EDUARDO MOURA
SÃO PAULO, SP (FOLHAPRESS) – “Graças a Deus ninguém consegue me dizer ‘não'”, disse Claudia Raia, há pouco mais de dois anos, quando ela anunciava a inauguração do _Teatral, casa de espetáculos no Complexo Aché Cultural, em Pinheiros, na zona oeste de São Paulo. O ambicioso projeto era patrocinado pela Prevent Senior.
Só que foi quando Raia disse “não” -no caso, “ele não”- ao então candidato Jair Bolsonaro que a Prevent Senior cancelou todo o projeto que a atriz comandava, que naquela altura já estava praticamente pronto.
Hoje enfrentando denúncias de irregularidades em meio à CPI da Covid, a Prevent Senior já demonstrava alinhamento firme a Bolsonaro também na cultura, outra importante linha de frente do bolsonarismo, mesmo antes do capitão reformado assumir o cargo que tem hoje.
No evento de agosto de 2018 que anunciou o _Teatral, Raia se gabava, com razão, de como tinha conseguido reunir e chefiar uma equipe formada por nomes de peso do meio cultural para o projeto que comandava. Entre os convocados, Adriana Calcanhotto, Rubens Ewald Filho, Ana Botafogo, José Possi Neto, Ingrid Guimarães, Rogério Flausino, Thalita Rebouças, Fernanda Gentil e Felipe Andreoli disseram “sim” à atriz.
No mês seguinte, logo antes do primeiro turno da eleição que alçou Bolsonaro ao Alvorada, Claudia Raia postou um vídeo de cinco segundos em que balança o dedo indicador de um lado para o outro e diz “ele não”.
“O que aconteceu é que, após uma postagem pessoal e apartidária nas minhas redes sociais sobre as eleições de 2018, os contratos foram cancelados, tive que cancelar apresentações, trabalhos de curadoria que já estavam fechados. Tudo isso teve um impacto não só para mim como para vários profissionais que estavam envolvidos. E não houve nenhuma explicação sobre o motivo, nada foi dito”, afirma Raia, em nota enviada a este jornal.
O projeto já estava praticamente pronto, com peças publicitárias já aprovadas e prontas para serem veiculadas. O cancelamento foi repentino -foram menos de 24 horas entre a postagem de Raia e o cancelamento do projeto, segundo Jarbas Homem de Mello, marido da atriz.
O vídeo de Raia veio em meio ao movimento #EleNão, de oposição à candidatura de Jair Bolsonaro, que ganhou repercussão na internet e nas ruas em 2018, e teve apoio de inúmeras celebridades, sobretudo mulheres, de Madonna a Sônia Braga.
Até maio deste ano, a Prevent Senior comandava a operação do teatro -havia na entrada um letreiro com o nome Teatro Prevent Senior-, que fica no mesmo prédio que o Instituto Tomie Ohtake, no Complexo Aché Cultural. De acordo com o instituto, o teatro apenas ocupa o mesmo edifício, mas nunca esteve ligado ao Tomie Ohtake.

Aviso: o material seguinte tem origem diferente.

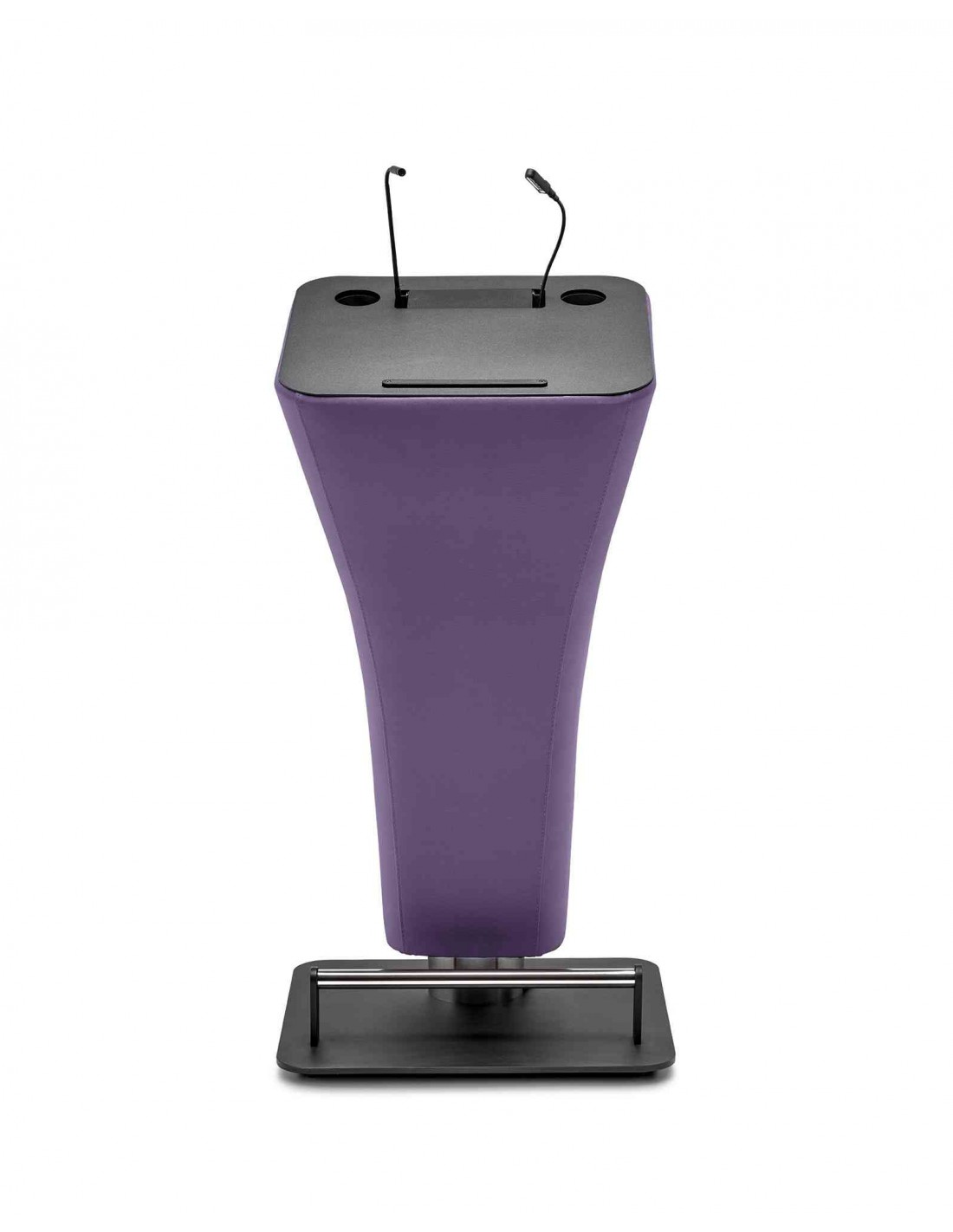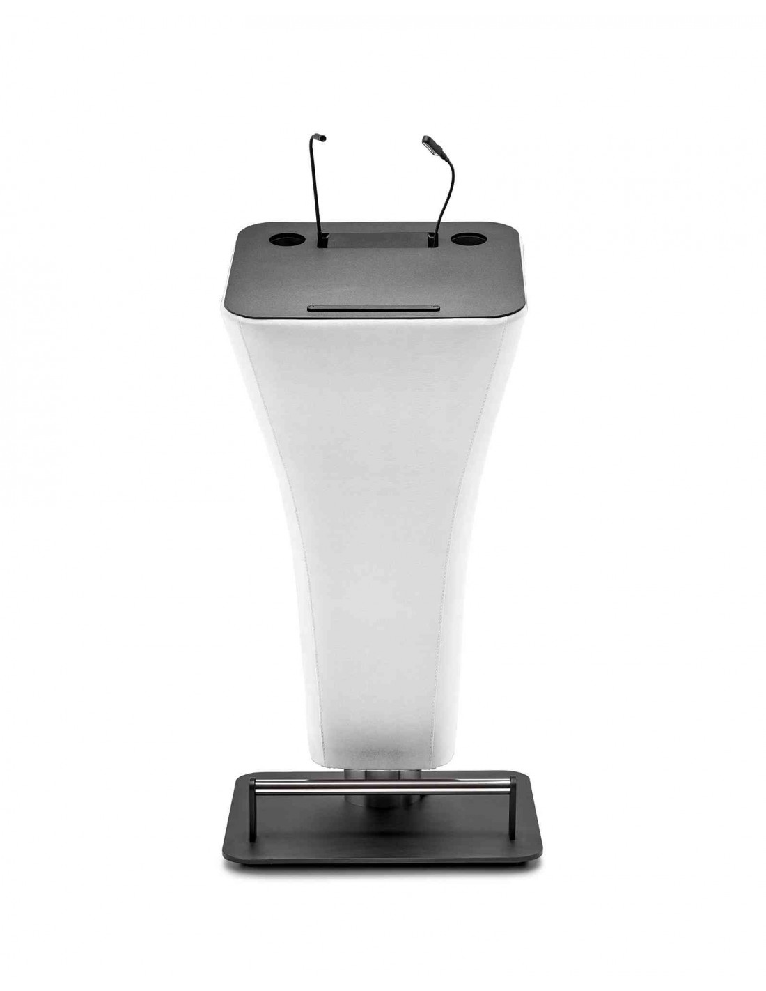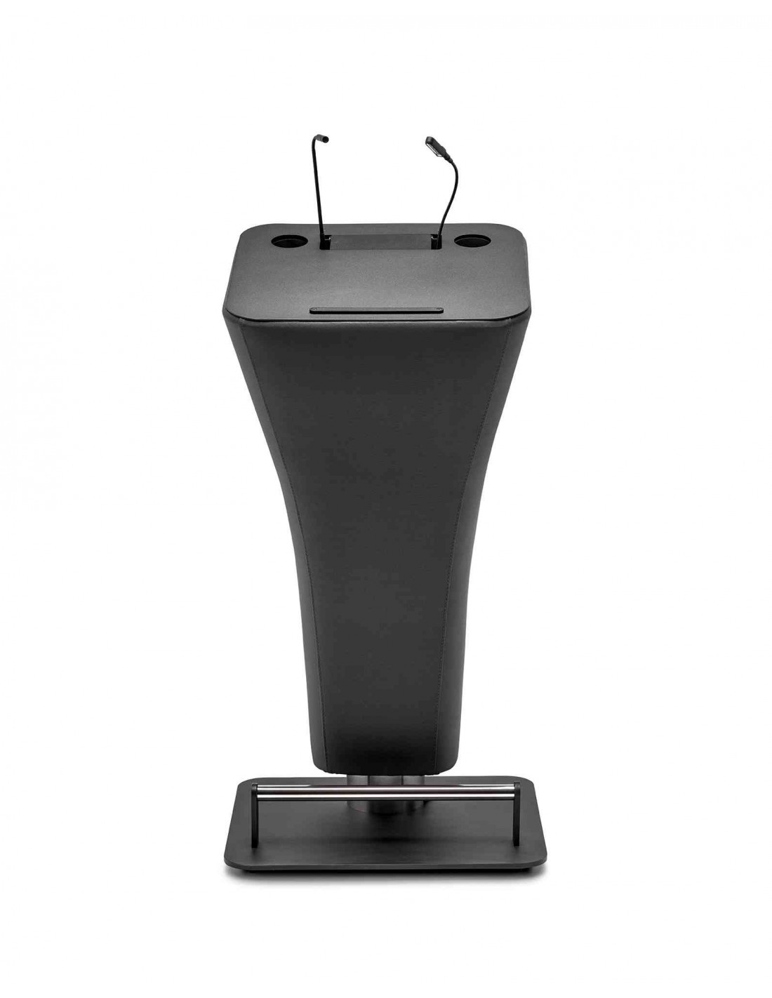 Atril para conferencias fabricado mediante un núcleo de polietileno rotacional tapizado. Base metálica en chapa de hierro de 10 mm. Disponible versión electrificada que incluye un cajetín que contiene una regleta con dos tomas de corriente, una base para micrófono y/o luz. IncoRpora reposa-vasos y barra sujeta documentos. Barra reposa-pies en acero inoxidable. Cable eléctrico de 2 m.

A reportagem entrou em contato com a Prevent Senior e questionou as motivações do cancelamento do projeto, mas a única resposta que recebeu até a publicação desta reportagem foi que “o projeto era bom, mas acabou não se viabilizando”.
O diretor-executivo da Prevent Senior, Pedro Benedito Batista Júnior, prestou depoimento à CPI da Covid nesta quarta-feira.
O diretor foi convocado após denúncias de que a Prevent usou seus hospitais como laboratórios para estudos com hidroxicloroquina no tratamento da Covid. Um dossiê assinado por 15 médicos entregue à CPI confirma a denúncia e aponta que pacientes e familiares não eram consultados sobre a administração desses medicamentos.
O documento também mostra que os médicos eram obrigados a prescreverem os medicamentos, que eram enviados aos pacientes, em kits fechados, sob ameaça de serem demitidos.
O dossiê acusa ainda a Prevent Senior de alterar prontuários médicos, para ocultar eventuais problemas com o chamado tratamento precoce. Em particular, o documento menciona os casos do médico Anthony Wong e Regina Hang, mãe do empresário bolsonarista Luciano Hang -ambos morreram de Covid-19.